(Information supplied):
= Beginning of Section =

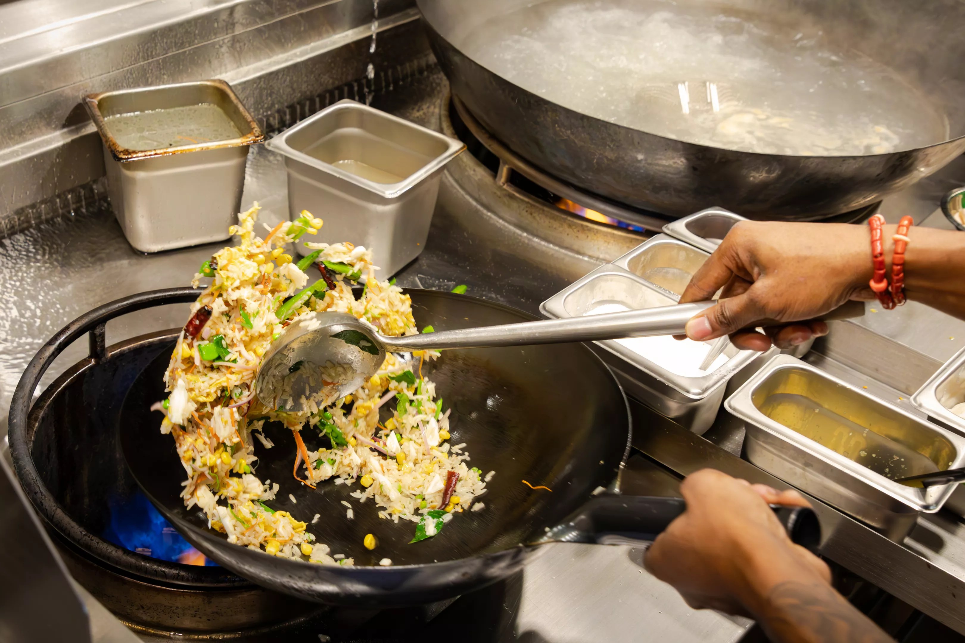 Wok station chef Ed Harris cooks crab fried rice at Kembara.
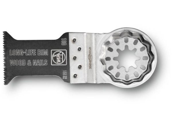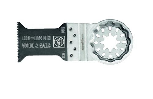 Bimetal with set wood teeth for all wood, plasterboard and plastic materials. Outstanding tool life, high cutting quality and speed. Extremely robust, not affected by nails (up to diameter of approx. 4 mm) in wood, masonry etc. Medium width, with waist for optimum cutting speed and good swarf removal.
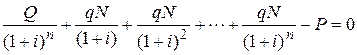 Допустим, что облигация выкупается по цене Q ¹ P. К упон выплачиваются в конце каждого года по ставке q. Доходы от облигации образуют ренту и состоят из выкупной цены при погашении облигации и периодических поступлений по купонам.Если облигация приобретена по цене P, то рента доходов по облигации и цена образуют инвестиционный проект, в котором цена P играет роль инвестиций.

= End of Section =

(Problem statement): Every line above should be copied exactly, apart from any pictures.

(Expected answer):
 Wok station chef Ed Harris cooks crab fried rice at Kembara.
 Bimetal with set wood teeth for all wood, plasterboard and plastic materials. Outstanding tool life, high cutting quality and speed. Extremely robust, not affected by nails (up to diameter of approx. 4 mm) in wood, masonry etc. Medium width, with waist for optimum cutting speed and good swarf removal.
 Допустим, что облигация выкупается по цене Q ¹ P. К упон выплачиваются в конце каждого года по ставке q. Доходы от облигации образуют ренту и состоят из выкупной цены при погашении облигации и периодических поступлений по купонам.Если облигация приобретена по цене P, то рента доходов по облигации и цена образуют инвестиционный проект, в котором цена P играет роль инвестиций.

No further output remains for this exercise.